WORK TO BE COMPLETED: Restate word for word the lines of the material below, from the line with "An elevated pan-Asian" to the line with "Next plot the", both lines included, and no others.

PROVIDED DATA:
============

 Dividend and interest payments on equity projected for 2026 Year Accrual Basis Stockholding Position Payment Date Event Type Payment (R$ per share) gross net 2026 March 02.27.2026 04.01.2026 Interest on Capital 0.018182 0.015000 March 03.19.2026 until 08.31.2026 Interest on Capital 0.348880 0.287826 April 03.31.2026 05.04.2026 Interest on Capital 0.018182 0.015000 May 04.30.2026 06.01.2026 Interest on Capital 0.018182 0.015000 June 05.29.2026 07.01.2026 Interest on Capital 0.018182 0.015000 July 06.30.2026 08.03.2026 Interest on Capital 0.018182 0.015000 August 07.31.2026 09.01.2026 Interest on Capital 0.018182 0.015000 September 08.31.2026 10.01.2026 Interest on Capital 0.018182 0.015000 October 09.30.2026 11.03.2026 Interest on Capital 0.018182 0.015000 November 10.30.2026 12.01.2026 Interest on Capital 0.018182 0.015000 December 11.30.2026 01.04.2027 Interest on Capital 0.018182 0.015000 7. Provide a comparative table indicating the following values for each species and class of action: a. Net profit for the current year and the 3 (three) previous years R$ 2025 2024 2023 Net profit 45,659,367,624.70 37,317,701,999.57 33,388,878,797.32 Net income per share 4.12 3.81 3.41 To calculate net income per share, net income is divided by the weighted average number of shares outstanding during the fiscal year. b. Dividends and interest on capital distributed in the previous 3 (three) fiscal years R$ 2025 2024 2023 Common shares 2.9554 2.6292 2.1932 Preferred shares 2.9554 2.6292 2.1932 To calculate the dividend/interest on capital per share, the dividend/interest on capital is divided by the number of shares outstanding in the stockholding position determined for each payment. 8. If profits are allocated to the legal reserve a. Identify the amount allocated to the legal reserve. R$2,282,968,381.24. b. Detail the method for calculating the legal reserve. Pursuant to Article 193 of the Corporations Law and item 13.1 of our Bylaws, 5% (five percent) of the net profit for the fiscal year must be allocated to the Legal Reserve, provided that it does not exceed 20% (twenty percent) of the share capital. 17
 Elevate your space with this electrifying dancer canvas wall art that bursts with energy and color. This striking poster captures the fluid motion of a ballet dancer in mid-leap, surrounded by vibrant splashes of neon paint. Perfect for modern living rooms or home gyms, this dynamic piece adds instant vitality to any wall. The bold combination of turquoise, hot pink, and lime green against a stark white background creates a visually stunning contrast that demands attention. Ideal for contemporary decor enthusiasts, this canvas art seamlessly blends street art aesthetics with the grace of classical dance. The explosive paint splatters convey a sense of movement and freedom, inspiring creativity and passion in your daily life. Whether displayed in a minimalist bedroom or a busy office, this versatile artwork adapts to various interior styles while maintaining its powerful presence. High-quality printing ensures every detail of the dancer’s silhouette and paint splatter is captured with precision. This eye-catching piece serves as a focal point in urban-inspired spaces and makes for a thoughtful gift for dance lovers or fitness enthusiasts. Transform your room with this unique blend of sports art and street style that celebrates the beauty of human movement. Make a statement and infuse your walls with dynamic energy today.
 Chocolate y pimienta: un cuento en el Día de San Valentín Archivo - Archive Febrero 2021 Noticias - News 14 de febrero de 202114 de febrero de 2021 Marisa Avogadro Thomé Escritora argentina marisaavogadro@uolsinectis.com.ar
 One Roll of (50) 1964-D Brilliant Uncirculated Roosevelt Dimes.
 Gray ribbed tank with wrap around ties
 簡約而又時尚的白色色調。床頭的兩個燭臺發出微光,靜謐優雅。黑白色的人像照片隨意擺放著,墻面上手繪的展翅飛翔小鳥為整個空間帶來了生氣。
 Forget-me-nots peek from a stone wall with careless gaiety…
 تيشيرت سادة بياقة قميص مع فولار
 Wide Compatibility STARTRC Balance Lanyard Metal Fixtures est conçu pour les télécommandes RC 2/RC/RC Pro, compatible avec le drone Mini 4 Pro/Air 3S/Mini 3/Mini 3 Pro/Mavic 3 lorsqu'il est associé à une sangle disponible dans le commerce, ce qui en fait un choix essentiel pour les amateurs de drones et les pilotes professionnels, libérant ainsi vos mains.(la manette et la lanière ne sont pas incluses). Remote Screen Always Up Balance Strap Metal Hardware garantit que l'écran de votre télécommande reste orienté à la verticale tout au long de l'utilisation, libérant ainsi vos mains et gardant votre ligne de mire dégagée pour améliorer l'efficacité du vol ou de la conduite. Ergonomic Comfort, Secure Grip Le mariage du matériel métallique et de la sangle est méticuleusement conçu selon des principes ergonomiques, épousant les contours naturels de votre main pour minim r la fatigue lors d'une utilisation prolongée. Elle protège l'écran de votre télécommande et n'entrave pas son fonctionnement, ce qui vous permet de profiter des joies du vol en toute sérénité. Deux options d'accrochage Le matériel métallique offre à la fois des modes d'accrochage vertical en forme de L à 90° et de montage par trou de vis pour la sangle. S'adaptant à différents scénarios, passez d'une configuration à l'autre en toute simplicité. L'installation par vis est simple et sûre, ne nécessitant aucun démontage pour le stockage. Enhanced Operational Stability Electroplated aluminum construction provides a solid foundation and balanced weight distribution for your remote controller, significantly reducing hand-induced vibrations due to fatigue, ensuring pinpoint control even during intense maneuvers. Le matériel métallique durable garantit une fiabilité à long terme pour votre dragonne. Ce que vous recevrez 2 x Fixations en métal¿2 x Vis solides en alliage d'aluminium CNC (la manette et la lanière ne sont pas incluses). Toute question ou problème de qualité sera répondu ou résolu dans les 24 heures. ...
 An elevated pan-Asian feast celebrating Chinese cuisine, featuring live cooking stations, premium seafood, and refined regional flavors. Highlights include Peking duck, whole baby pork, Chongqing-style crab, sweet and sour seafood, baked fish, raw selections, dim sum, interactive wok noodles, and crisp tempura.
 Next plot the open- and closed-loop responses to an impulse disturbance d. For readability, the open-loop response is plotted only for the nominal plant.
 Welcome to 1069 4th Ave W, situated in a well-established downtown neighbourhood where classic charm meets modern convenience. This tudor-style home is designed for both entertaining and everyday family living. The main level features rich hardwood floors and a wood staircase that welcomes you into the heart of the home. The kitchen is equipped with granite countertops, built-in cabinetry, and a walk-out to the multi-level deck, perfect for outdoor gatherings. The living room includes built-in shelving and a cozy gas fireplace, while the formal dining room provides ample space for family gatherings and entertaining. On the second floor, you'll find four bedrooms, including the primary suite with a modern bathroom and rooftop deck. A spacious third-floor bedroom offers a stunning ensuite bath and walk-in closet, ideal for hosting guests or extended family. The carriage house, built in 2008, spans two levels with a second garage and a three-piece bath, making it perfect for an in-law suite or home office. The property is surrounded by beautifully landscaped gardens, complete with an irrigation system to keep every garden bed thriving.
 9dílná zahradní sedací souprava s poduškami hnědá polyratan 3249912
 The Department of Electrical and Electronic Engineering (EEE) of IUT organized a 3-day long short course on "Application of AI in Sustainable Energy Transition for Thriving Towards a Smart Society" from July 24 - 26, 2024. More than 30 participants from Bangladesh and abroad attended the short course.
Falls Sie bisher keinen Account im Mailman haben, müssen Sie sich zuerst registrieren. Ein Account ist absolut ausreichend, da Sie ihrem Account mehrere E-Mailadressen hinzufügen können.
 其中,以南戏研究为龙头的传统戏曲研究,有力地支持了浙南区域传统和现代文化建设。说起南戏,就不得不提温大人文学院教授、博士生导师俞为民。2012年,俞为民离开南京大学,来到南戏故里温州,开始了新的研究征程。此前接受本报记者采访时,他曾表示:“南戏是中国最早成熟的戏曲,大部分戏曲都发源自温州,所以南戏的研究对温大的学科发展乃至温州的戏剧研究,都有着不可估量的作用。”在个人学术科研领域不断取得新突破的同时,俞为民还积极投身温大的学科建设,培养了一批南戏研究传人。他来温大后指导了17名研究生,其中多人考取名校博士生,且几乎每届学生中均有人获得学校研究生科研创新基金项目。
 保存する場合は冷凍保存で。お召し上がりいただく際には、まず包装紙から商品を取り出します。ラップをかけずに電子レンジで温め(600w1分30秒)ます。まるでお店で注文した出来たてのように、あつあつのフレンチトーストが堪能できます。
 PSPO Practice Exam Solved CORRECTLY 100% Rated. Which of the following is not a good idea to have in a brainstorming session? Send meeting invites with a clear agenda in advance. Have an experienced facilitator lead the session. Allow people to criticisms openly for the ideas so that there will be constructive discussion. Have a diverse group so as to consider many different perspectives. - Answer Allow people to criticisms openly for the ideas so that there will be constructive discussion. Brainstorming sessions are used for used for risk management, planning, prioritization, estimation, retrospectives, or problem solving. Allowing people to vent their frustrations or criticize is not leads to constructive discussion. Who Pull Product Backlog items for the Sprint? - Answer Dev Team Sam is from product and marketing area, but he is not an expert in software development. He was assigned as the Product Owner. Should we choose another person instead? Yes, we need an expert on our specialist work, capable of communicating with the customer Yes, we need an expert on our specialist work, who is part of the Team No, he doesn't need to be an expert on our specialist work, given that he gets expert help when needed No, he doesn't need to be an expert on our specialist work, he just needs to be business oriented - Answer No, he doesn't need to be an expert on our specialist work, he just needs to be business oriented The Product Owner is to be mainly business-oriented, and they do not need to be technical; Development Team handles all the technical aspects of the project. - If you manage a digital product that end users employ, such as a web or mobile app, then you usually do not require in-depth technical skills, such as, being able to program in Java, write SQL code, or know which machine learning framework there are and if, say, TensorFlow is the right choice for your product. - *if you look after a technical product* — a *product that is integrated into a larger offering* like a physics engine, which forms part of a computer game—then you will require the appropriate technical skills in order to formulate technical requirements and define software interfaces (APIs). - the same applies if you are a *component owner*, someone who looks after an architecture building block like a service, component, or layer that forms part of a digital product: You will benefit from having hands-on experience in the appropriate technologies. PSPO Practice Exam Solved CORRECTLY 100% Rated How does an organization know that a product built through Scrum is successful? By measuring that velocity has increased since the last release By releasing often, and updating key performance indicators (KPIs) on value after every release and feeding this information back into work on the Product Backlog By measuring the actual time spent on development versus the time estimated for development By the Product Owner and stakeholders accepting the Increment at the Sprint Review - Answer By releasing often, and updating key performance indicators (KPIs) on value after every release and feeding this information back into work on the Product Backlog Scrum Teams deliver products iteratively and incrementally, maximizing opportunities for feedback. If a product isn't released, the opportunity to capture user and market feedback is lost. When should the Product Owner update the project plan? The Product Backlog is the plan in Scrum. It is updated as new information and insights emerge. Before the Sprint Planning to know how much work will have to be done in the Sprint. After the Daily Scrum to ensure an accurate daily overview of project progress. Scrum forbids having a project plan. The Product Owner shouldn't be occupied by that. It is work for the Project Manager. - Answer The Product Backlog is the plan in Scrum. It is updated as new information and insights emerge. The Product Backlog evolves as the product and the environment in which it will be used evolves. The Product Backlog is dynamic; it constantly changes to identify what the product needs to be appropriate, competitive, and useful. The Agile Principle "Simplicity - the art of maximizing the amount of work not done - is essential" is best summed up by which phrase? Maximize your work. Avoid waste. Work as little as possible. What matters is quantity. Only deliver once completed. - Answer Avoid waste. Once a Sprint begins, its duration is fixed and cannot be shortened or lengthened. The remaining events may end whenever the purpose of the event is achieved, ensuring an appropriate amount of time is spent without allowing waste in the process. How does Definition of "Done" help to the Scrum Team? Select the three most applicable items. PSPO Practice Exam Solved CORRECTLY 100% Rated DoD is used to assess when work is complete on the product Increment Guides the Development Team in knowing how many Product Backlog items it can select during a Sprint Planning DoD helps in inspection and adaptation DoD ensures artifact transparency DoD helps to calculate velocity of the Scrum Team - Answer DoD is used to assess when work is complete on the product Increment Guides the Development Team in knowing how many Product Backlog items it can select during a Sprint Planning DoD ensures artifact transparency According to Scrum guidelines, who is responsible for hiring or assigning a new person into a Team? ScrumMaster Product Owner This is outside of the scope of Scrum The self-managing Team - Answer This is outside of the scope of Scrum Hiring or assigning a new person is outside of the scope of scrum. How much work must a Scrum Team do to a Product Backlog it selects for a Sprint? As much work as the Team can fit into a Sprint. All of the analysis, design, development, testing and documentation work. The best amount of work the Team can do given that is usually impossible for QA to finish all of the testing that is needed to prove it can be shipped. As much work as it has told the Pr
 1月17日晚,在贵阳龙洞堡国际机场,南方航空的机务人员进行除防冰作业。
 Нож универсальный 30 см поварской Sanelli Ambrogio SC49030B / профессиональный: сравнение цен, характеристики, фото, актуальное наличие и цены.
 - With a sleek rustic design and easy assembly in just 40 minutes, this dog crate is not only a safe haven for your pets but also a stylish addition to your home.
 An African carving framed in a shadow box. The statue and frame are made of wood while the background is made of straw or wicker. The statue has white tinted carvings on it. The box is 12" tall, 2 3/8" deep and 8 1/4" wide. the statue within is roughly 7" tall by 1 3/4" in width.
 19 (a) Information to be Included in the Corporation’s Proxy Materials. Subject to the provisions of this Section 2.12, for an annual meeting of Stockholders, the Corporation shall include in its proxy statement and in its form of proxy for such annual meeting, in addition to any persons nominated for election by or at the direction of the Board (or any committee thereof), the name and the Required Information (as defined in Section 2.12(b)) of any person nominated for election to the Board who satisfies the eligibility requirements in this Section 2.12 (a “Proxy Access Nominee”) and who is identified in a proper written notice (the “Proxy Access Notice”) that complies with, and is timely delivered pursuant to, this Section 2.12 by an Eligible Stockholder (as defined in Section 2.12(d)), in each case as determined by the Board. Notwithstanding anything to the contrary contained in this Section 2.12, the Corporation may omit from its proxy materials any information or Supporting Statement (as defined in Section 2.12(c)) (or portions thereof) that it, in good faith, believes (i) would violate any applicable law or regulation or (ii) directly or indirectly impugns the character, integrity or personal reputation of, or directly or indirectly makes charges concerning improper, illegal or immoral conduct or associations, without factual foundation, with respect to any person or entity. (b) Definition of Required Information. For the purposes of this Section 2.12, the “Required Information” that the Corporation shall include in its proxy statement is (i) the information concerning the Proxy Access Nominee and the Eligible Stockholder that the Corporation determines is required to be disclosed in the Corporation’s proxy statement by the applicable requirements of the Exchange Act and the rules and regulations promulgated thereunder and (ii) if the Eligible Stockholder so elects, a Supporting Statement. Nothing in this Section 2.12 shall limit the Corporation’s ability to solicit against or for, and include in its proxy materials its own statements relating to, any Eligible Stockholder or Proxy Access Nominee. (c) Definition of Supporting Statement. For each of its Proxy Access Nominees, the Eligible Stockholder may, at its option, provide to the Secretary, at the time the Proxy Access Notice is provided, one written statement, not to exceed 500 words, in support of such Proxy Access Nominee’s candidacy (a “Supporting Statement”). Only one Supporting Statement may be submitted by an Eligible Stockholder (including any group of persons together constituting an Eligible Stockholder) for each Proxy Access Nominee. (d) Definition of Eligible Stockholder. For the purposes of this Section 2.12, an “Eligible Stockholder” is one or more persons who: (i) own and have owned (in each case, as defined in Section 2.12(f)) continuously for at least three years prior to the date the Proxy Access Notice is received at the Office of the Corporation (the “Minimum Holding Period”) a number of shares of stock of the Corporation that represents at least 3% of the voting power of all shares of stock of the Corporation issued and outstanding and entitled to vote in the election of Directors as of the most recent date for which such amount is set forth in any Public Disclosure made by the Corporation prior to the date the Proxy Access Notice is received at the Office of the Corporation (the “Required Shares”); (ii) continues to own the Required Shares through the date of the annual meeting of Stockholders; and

============

ANSWER TO THE EXERCISE:
 An elevated pan-Asian feast celebrating Chinese cuisine, featuring live cooking stations, premium seafood, and refined regional flavors. Highlights include Peking duck, whole baby pork, Chongqing-style crab, sweet and sour seafood, baked fish, raw selections, dim sum, interactive wok noodles, and crisp tempura.
 Next plot the open- and closed-loop responses to an impulse disturbance d. For readability, the open-loop response is plotted only for the nominal plant.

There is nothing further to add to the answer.